IL7Rα鎖の機能獲得型変異による造血幹・前駆細胞の形質転換

T細胞性急性リンパ芽球性白血病（T-ALL）は、未熟なTリンパ球が増殖する稀な白血病の一病型である。T細胞の生存・分化・増殖因子であるインターロイキン7(IL7)のシグナルがT-ALLの分子病態に関与する可能性が指摘されているため、IL7受容体α鎖（IL7Rα）の塩基配列を解析した結果、ヒトT-ALL細胞株DND-41においてCysを含む4アミノ酸の膜貫通領域への挿入変異（INSα鎖）を見出した。INSα鎖は試験管内でリガンド非依存的に2～多量体を形成する機能獲得型変異体であり、Jak1とJak3 を利用する生理的なIL7シグナルと異なり、Jak1のみが下流へのシグナル伝達を媒介すると考えられた。INSα鎖を強制発現させたマウス骨髄・胎仔肝由来Lin-細胞の移植実験では、約半年の観察期間中急性白血病の発症は認めず、末梢血・骨髄・脾臓は骨髄増殖性腫瘍類似の所見を呈した。一方、INSα鎖を変異型Notch1と共発現させるとT-ALLを発症した。

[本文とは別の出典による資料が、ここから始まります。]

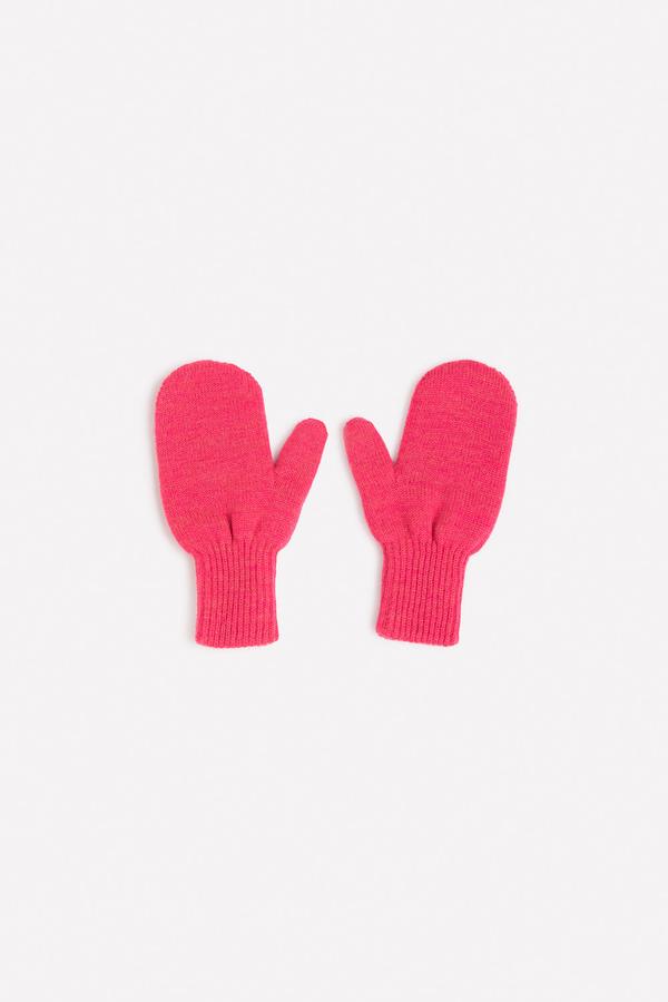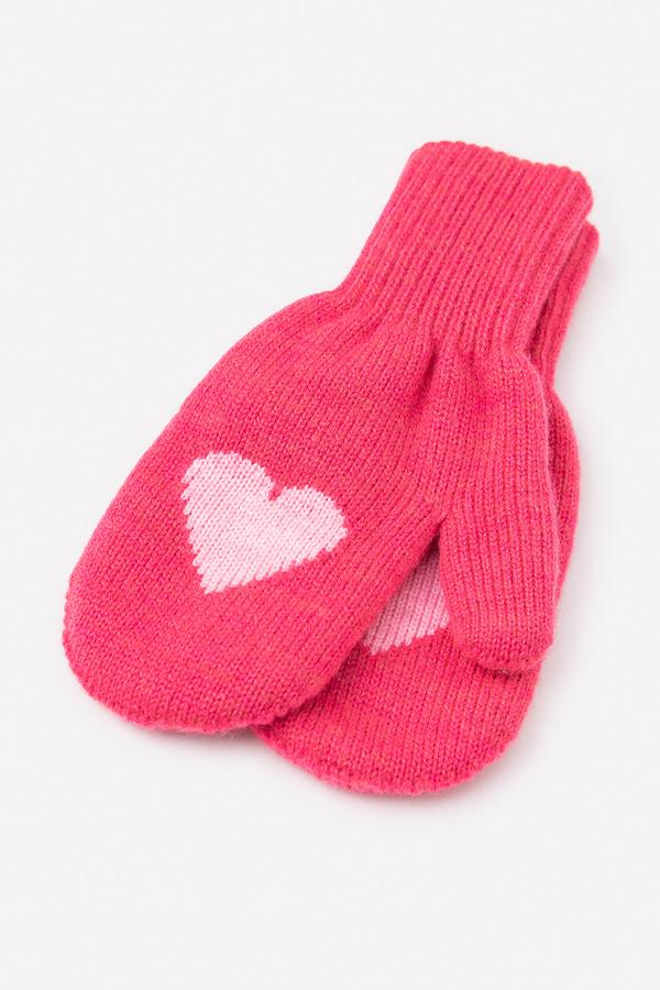 Розовые варежки с узором из полушерстяной пряжи. Эластичные манжеты.

さらに、INSα鎖を発現させたCLPはOP9細胞との共培養でB220+B前駆細胞となり、同系マウスへの移植２ヶ月後の骨髄・脾臓はB細胞性白血病/リンパ腫の像を呈した。以上より、INSα鎖を発現するマウス造血前駆細胞の分化段階と変異型 Notch1 の有無によって異なる形質の白血病が生じることが示された。造血前駆細胞の形質転換に伴う発現プロフィルの変化も併せて紹介する。